Reply to Mafessoni and Prüfer: Inferences with and without singleton site patterns

Mafessoni and Prüfer (1) (MP) make three points: (i) Low variation among Neanderthal genomes implies a small population, (ii) Neanderthal–Denisovan divergence is small relative to archaic-modern, and (iii) an analysis including singleton site patterns (in which the derived allele appears only once) supports a small Neanderthal population and a more recent Neanderthal–Denisovan separation.

Point i assumes that sequenced Neanderthals are representative of all Neanderthals, yet samples come primarily from the north, where DNA preserves well. The global population may have been larger if some unsampled populations were distantly related to those sampled. Point ii is subsidiary to point iii, because divergences can be calculated from site pattern frequencies. We therefore focus on point iii.

Our previous estimates (2) were biased, because our modern human data excluded invariant nucleotide sites (3). Mutations in an archaic lineage appear only if that lineage introgressed into moderns, leading to an undercount of pattern nd.

We now analyze the four genomes studied by MP. Because these have high coverage and are not restricted to variable sites they do not introduce bias. We fit two models, one excluding singleton site patterns [as in our previous publication (2)] and one including them (as MP advocate).

The left side of Fig. 1 presents results for the model without singletons. Our estimate of $T_{\mathit{ND}}$, the Neanderthal–Denisovan separation time, is only slightly smaller than $T_{\mathit{XYND}}$, the archaic-modern separation. This supports an early separation of the two archaics. Parameter $2N_{\mathit{ND}}$ measures the haploid size of the population ancestral to Neanderthals and Denisovans. This estimate is small, implying an early bottleneck among archaics. The estimate of $2N_N$, the Neanderthal population size, is smaller than in our previous publication (2) but still larger than current estimates.
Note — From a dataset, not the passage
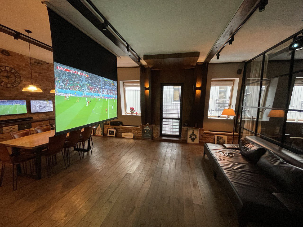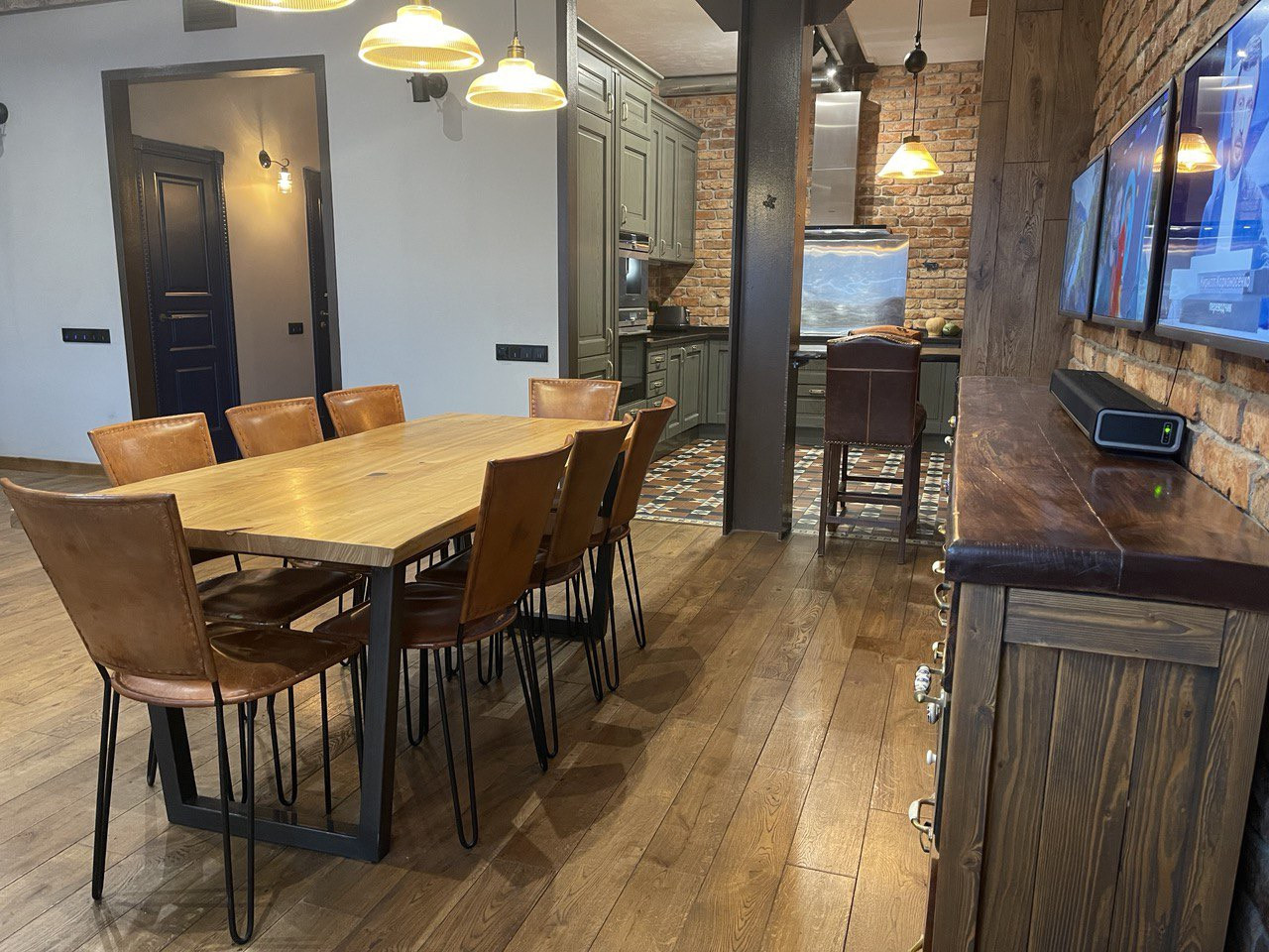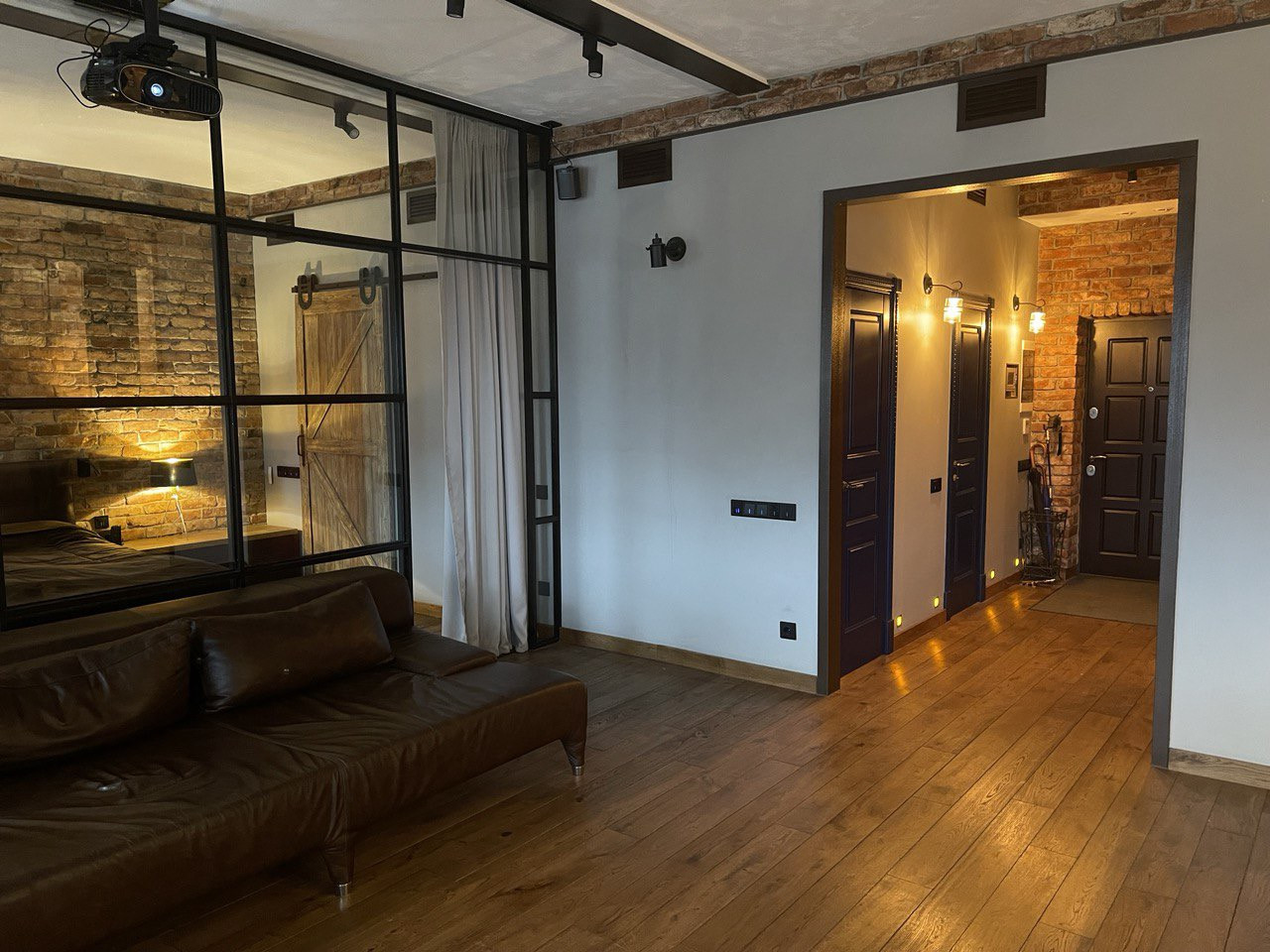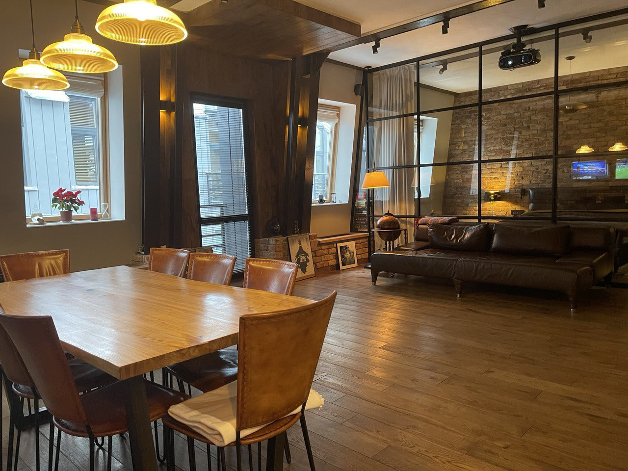 Просторная прихожая со встроенными, сделанными на заказ шкафами, гостевой санузел. Площадь гостиной, столовой зоны и кухни превышает 57 (!) кв. метров, выход из гостиной на французский балкон. Встроенная итальянская кухня полностью укомплектована качественной немецкой техникой, включая гриль. Все элементы интерьера - дубовый стол с кожаными стульями, кожаный диван, тумба под телевизорами, практически каждый элемент - сделаны на заказ. Домашний кинотеатр с высококачественным проектором.

These results are broadly consistent with those of our previous publication (2).

Fig. 1.

Legofit estimates and bootstrap confidence intervals. Open circles indicate unconstrained parameters and crosses constrained ones. $T_A$ and $T_D$ are the ages of the Altai Neanderthal and Denisovan fossils, respectively. Other parameters are as defined by Rogers et al. (2).

In their with-singleton analysis MP use genetic data to estimate the ages of the two fossils. We do the same in our own with-singleton analysis, by defining these ages as free parameters. The results (Fig. 1, Right) are more similar to those of MP. Compared with the without-singleton analysis, the Neanderthal population is smaller, the ancestral archaic bottleneck is less severe, and the two archaics separate more recently. Nonetheless, our separation time (632 kya) is still much older than that of MP (459 kya).

We are skeptical of the with-singleton analysis, because it implies that the Denisovan fossil lived only 4 kya. This is probably because site pattern d (derived allele only in Denisovan) is 10% more common than pattern n (only in Neanderthal). This may reflect diagenic changes in the Denisovan genome or hyperarchaic admixture into Denisova (4). Neither our models nor that of MP allows for this, so all may introduce bias. Residuals (Fig. 2) reinforce the view that something is missing from all three models.

Fig. 2.

Residuals for the three models. MP is the “av.” model of Mafessoni and Prüfer; RBH0 and RBH1 are the without- and with-singleton versions of the model fit in Fig. 1. Horizontal bars show 95% bootstrap confidence intervals. Kullback–Leibler divergence, which measures the discrepancy between model and data, is 0.002 for MP but 0.001 for RBH0 and RBH1. All three models have points well outside the confidence intervals.

We favor the without-singleton analysis, which implies a fairly large Neanderthal population. Both analyses imply an early separation of the two archaics and a bottleneck among their ancestors.